# Is this extension of the Selberg class trivial?

I came across the following modification of the Selberg class in some of my work (see below), and while I've moved on in some sense -- I submitted the paper in question -- I can't get it off of my mind.

The question: Consider the following modification of the axioms of the Selberg class. Let $L(s)$ be a function such that:

1) $L(s)$ possesses a Dirichlet series and Euler product as in the standard axioms for the Selberg class (thus, the Dirichlet coefficients are bounded by $n^\epsilon$, e.g.).

2) There are rational $a_j$ such that the completion $\Lambda(s):=L(s) Q^s \prod_{j=1}^k \Gamma\left(\lambda_j s + \mu_j\right)^{a_j}$ satisfies the standard sort of functional equation, namely $\Lambda(1-s) = \epsilon \cdot \overline{\Lambda}(s)$ valid when $s,1-s$ are both in the region of analyticity (see 3). This is the first place where the definition differs from the Selberg class. There, the $a_j$'s are taken to be positive integers, whereas here they could be both negative and non-integral, provided that they are still rational.
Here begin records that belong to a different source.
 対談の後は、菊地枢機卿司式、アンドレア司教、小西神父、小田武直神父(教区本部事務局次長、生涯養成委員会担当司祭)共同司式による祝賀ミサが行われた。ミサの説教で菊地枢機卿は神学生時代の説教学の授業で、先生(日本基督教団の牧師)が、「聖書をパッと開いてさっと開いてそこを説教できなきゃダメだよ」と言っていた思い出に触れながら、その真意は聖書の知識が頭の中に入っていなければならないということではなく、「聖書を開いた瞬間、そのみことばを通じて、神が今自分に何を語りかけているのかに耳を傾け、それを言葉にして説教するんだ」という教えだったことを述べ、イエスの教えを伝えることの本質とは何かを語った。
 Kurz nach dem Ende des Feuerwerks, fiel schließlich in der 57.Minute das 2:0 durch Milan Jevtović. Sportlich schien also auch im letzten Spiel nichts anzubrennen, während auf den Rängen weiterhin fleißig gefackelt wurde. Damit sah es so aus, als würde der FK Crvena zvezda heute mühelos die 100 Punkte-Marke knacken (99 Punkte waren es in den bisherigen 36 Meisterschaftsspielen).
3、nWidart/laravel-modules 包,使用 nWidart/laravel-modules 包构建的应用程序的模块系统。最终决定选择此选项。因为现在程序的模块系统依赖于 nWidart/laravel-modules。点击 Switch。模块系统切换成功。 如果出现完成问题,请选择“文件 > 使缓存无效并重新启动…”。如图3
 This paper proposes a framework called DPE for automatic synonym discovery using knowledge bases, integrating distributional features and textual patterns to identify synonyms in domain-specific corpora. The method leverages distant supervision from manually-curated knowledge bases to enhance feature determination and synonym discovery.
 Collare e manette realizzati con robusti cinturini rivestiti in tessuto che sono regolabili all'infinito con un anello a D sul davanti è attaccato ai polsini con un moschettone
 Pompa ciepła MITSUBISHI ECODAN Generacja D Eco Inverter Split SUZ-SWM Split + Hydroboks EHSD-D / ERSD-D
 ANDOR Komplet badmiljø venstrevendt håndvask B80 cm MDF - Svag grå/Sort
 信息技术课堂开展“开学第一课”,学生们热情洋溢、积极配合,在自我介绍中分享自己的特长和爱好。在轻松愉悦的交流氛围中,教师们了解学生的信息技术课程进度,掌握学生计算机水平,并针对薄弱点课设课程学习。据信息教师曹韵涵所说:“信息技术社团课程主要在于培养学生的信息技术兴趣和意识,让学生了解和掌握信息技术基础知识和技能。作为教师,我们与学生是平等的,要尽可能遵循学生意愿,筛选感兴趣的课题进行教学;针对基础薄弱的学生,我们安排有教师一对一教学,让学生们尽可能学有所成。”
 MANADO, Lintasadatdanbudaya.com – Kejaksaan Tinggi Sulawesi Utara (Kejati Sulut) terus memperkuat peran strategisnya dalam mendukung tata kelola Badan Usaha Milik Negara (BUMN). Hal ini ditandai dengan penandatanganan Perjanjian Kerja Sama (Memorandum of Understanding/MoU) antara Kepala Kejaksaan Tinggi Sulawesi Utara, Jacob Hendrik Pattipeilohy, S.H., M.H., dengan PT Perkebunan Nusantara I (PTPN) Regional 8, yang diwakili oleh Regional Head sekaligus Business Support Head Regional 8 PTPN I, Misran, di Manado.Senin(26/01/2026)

3) Via the functional equation in 2, suppose that $L(s)$ can be analytically continued to all of $\mathbb{C}$, with the possible exception of a simple pole at $s=1$, and allowing for the (finitely many) branch cuts $(-\infty+iy_j,1/2+iy_j)$ where each $y_j$ is the imaginary part of $\mu_j$.

An example of something which is almost in this class, but fails 3, is $L(s,f)^{1/2}$ where $L(s,f)$ is a primitive element of the Selberg class. Conjecturally, $L(s,f)$ will have infinitely many simple zeros, so there would need to be infinitely many branches to continue $L(s,f)^{1/2}$ beyond the half-line.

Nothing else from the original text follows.